Which is Better — Classical or Contemporary?

Student performing Pilates at Touchstone Pilates

No two Pilates instructors will feel the same, and there is no clear-cut answer to which Pilates practice is better. Choosing a side is mainly defined by what you prefer and what you are looking to improve. For example, some instructors believe that the only ‘real’ Pilates is the one passed down by Joseph Pilates. He was years ahead of his time in terms of exercise science, and the methodology is sound and still holds up to this day. Others think that Joseph Pilates was an innovator, and he would want his practices to be improved upon with the improvement of technology and the expansion of our knowledge. Those who lean towards the contemporary side also believe that our bodies are not moving the way they were 30-60 years ago, and having no improvements in the exercises would hinder our value of Pilates techniques. 

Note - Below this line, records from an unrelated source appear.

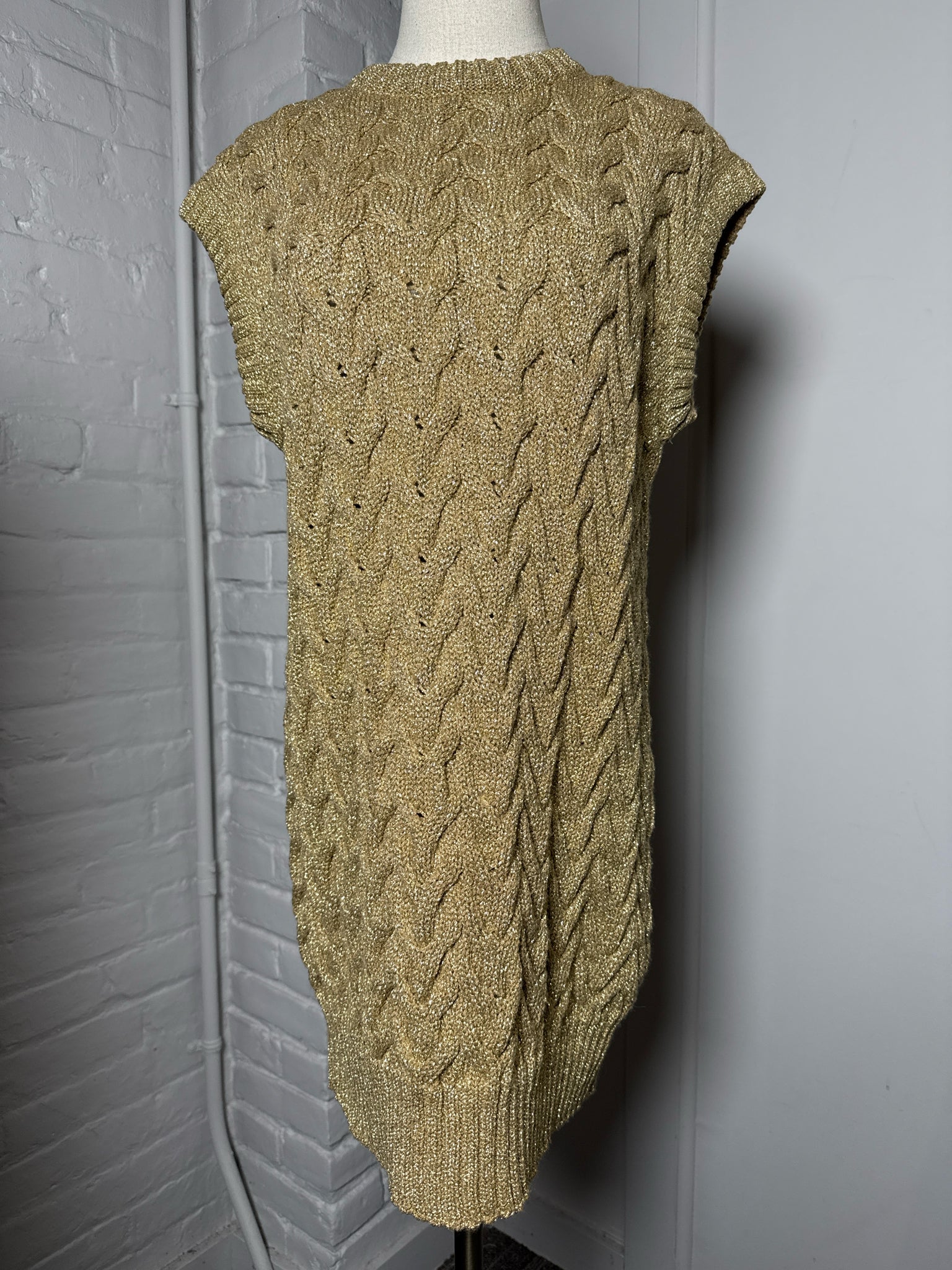 cable-knit metallic gold w/stretch sleeveless mid-length//dnd/w
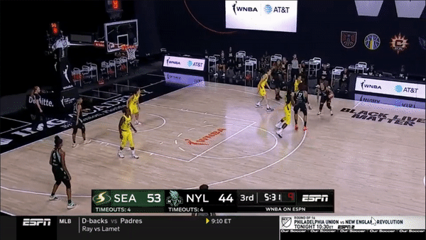 The 2019 first-round pick finally stepped onto the court for the Storm and played well off the bench, scoring seven points and collecting three rebounds. The 6’4″ center held her own, too, when the Libery ran her through the pick and roll to force her onto smaller guards. The stop on Ionescu in the third quarter to force a shot-clock violation was a perfect example.
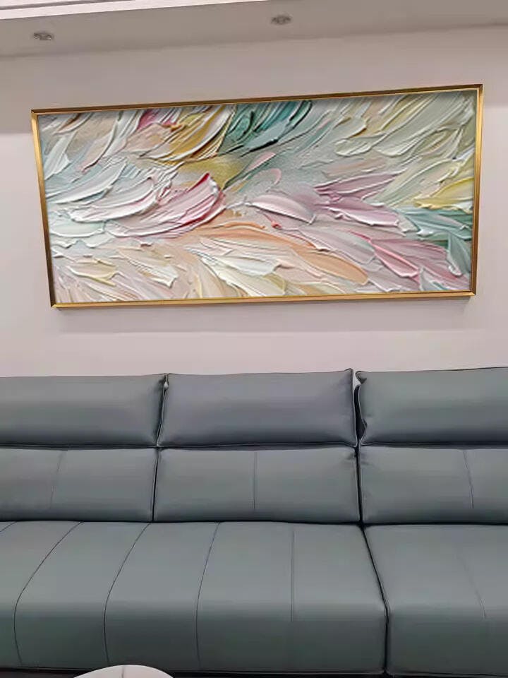PASTEL DREAM: Textured Abstract Painting in Soft Hues, Horizontal Wall Art
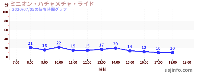 • ミニオン・ハチャメチャ・ライド$B$N(B2020年07月05日の待ち時間
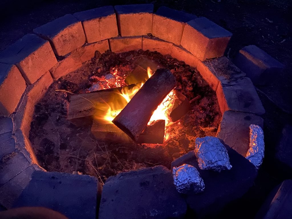 It’s sunset at the bench now, but the sky is quite stormy so we can’t see much sunset. There’s a campfire spot near the bench and we’re having a lovely…
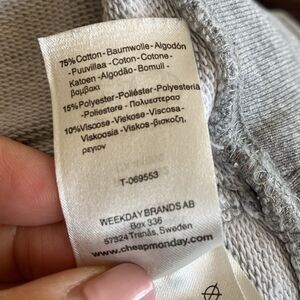 Iconic Cheap Monday skull sweatshirt. Grey cotton / poly blend and black skull. It’s in clean condition with no stains but note the skull is showing some cracking (see photos), still looks great and has plenty of life left.
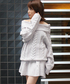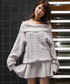 MICOAMERI 16AW collection ケーブルニットのセットアップスタイル。 落ち着いたライトグレーのニットは、袖にボリュームを出し、女性らしい華奢な印象になるように、全体をゆったりしたシルエットになっています。
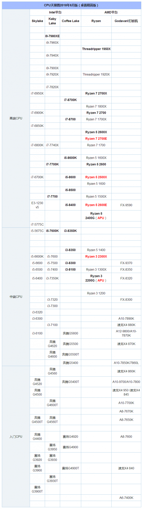 CPU天梯图2018年6月版(桌面精简版)

Both practices offer benefits. In general, Pilates is an entire mind and body workout where you can gain better posture, circulation, balance, and coordination. The techniques can also allow for accelerated training and recovery periods. Exercises are performed on a mat or apparatus invented by Joseph Pilates. The apparatus is used to complete and practice a full-body workout. There are many different functional pieces of apparatus, but the main piece of apparatus is the Universal Reformer, designed to bring balance and symmetry to the muscles by using the resistance of springs against the weight of the body.  

At Touchstone Pilates, we have the only Romana’s Pilates Certified Pilates instructors in Pittsburgh and serve as the only truly classical Pilates studio in the area that provides the method initially developed by Joseph Pilates and handed down to his world-renowned protege Romana Kryzanowska. You’ll receive individual attention from a trained and certified instructor who understands how to tailor a workout specifically for your body’s needs. Contact us to get started on improving your mind and body balance.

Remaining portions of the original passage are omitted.